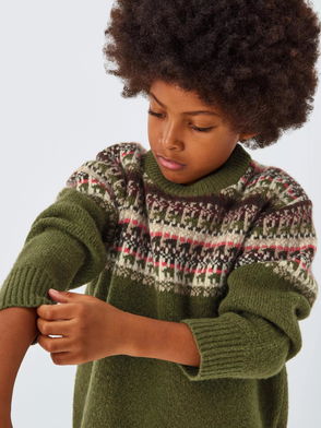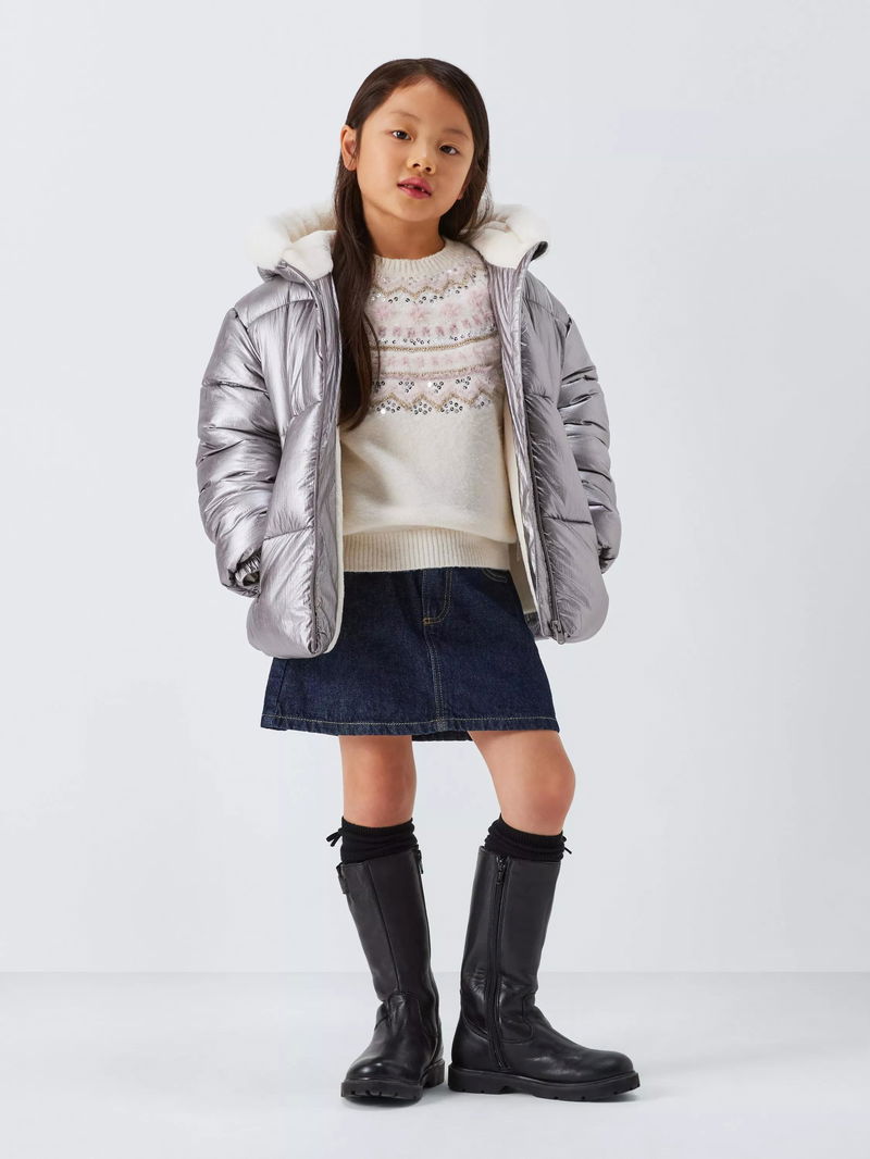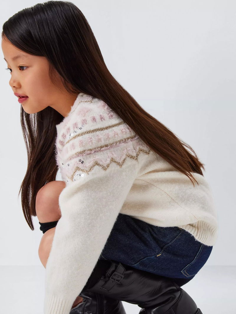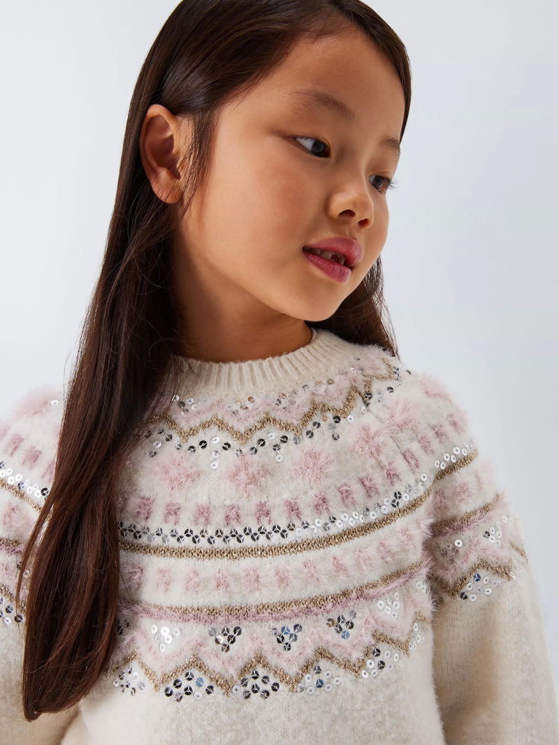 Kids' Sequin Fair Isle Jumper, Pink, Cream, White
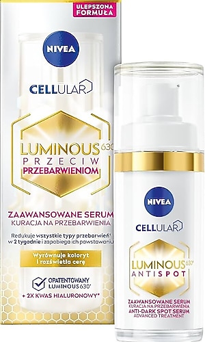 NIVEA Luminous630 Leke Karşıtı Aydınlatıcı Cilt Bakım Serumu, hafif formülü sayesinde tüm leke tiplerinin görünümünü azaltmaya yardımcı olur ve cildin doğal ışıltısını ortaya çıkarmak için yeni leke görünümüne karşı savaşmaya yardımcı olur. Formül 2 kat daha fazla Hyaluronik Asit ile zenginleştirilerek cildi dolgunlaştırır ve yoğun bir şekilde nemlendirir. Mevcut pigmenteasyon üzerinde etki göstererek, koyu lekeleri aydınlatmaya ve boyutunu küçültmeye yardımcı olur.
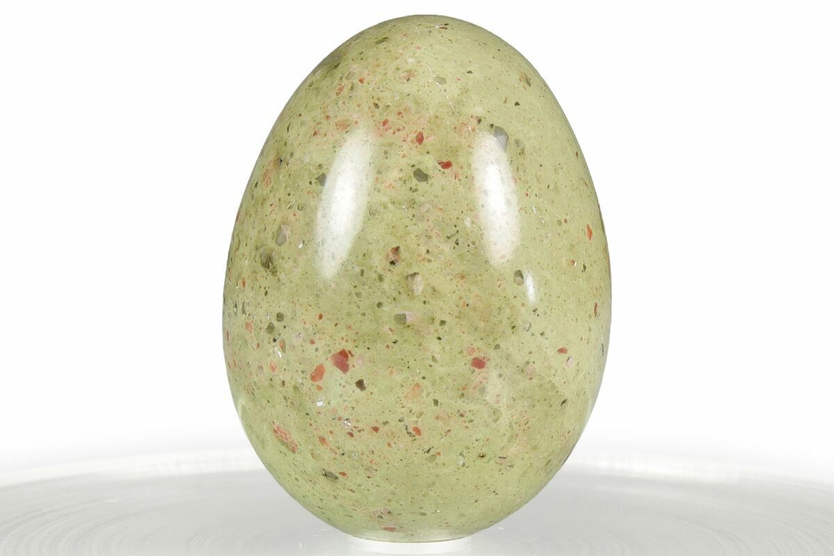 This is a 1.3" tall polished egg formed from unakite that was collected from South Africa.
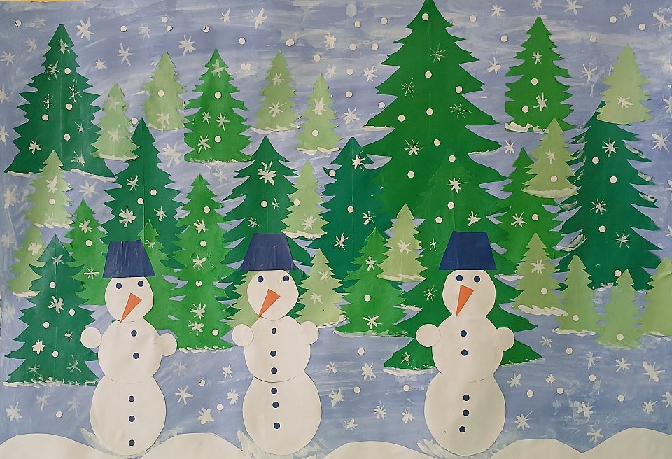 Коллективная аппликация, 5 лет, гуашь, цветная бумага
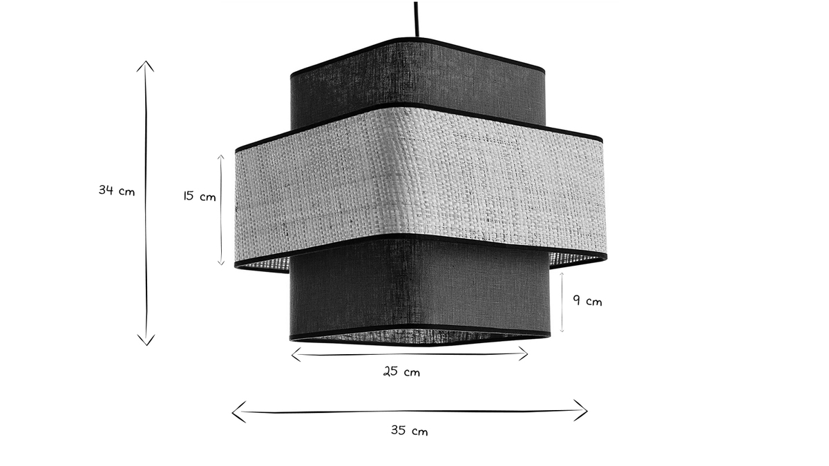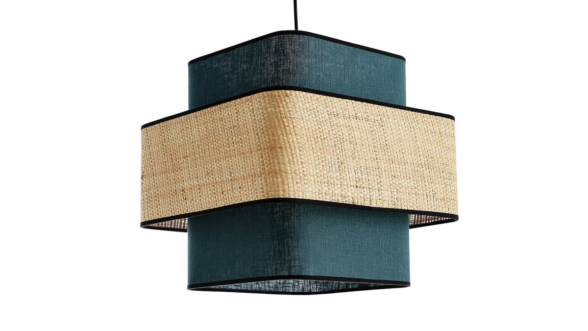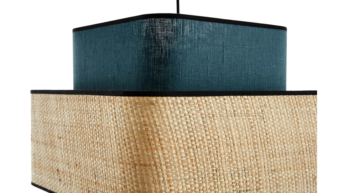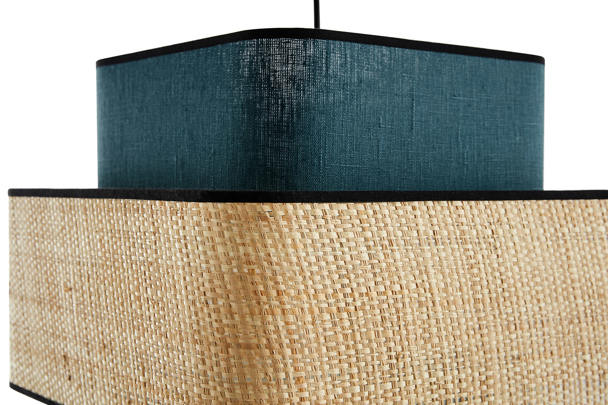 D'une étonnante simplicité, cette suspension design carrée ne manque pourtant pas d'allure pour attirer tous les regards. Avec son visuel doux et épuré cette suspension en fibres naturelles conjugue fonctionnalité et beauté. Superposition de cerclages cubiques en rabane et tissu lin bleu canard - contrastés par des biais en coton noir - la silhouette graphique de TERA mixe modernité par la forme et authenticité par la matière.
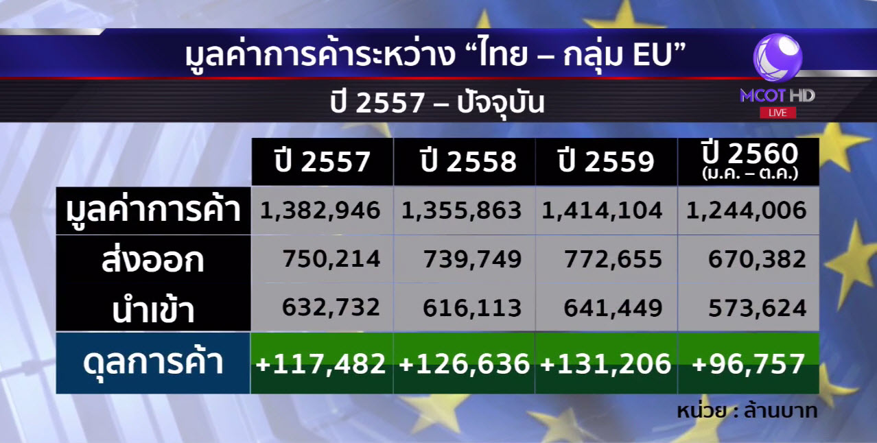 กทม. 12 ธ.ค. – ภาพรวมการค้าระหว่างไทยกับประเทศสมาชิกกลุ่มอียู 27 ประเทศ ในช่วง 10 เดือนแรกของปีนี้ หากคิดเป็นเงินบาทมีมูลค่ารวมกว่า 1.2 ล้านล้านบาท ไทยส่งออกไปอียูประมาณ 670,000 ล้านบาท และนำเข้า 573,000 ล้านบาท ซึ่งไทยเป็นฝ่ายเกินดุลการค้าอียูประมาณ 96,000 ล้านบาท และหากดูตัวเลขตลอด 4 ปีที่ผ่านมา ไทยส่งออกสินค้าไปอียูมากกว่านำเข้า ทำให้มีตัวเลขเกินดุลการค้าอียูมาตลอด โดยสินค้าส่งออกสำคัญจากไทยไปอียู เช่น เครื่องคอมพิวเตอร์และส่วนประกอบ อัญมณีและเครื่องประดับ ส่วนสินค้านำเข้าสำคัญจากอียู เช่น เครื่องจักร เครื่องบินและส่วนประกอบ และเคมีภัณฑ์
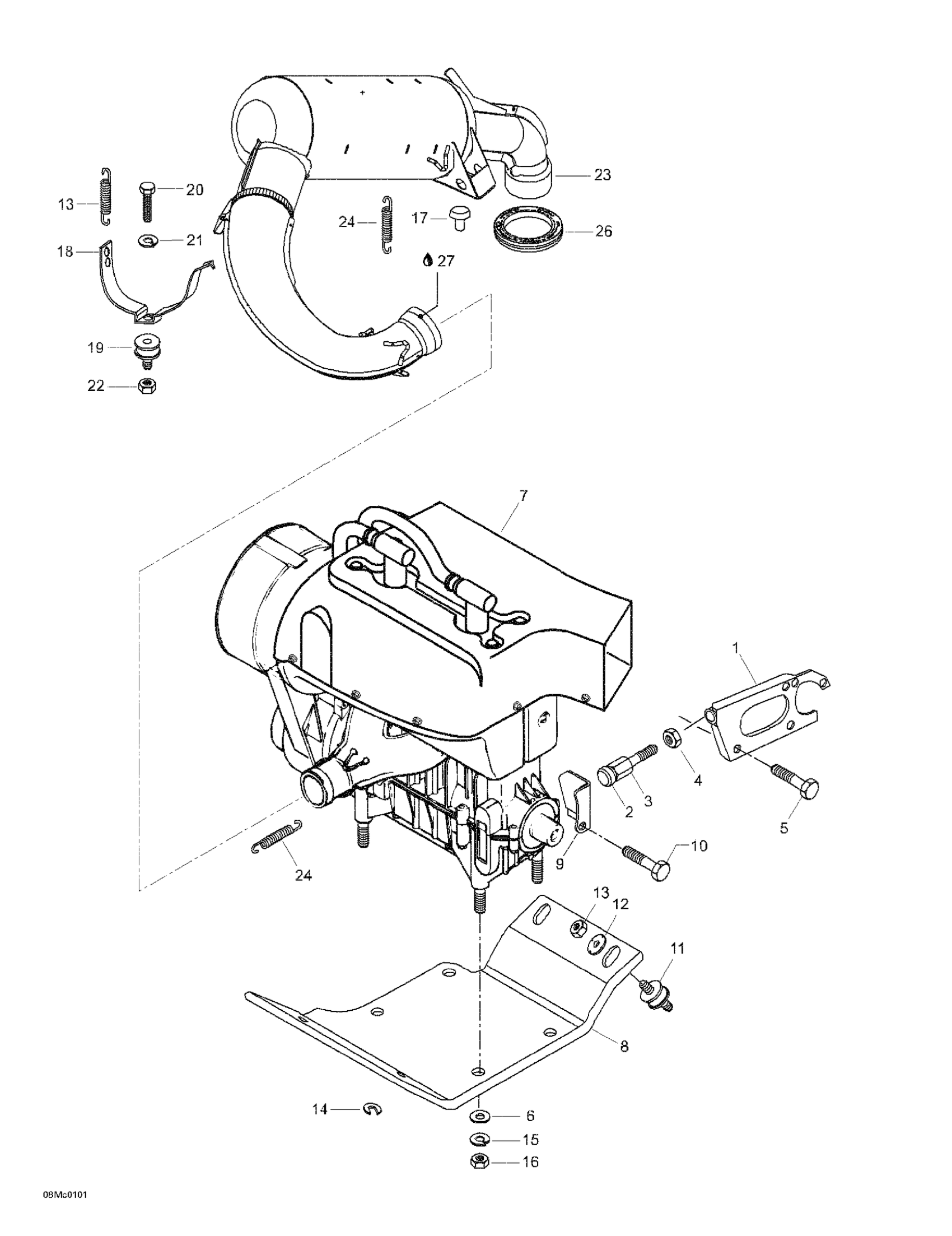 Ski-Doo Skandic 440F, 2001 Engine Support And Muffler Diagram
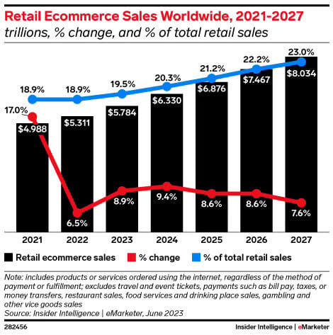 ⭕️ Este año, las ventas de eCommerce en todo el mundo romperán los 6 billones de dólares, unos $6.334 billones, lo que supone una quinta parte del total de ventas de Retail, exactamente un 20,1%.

_TASK ITEM:_ Starting with the line containing "Ski-Doo Skandic 440F, 2001" and ending with the last line of the records above, write out each line exactly; no pictures.

_OUTPUT FOR THIS EXERCISE:_
 Ski-Doo Skandic 440F, 2001 Engine Support And Muffler Diagram
 ⭕️ Este año, las ventas de eCommerce en todo el mundo romperán los 6 billones de dólares, unos $6.334 billones, lo que supone una quinta parte del total de ventas de Retail, exactamente un 20,1%.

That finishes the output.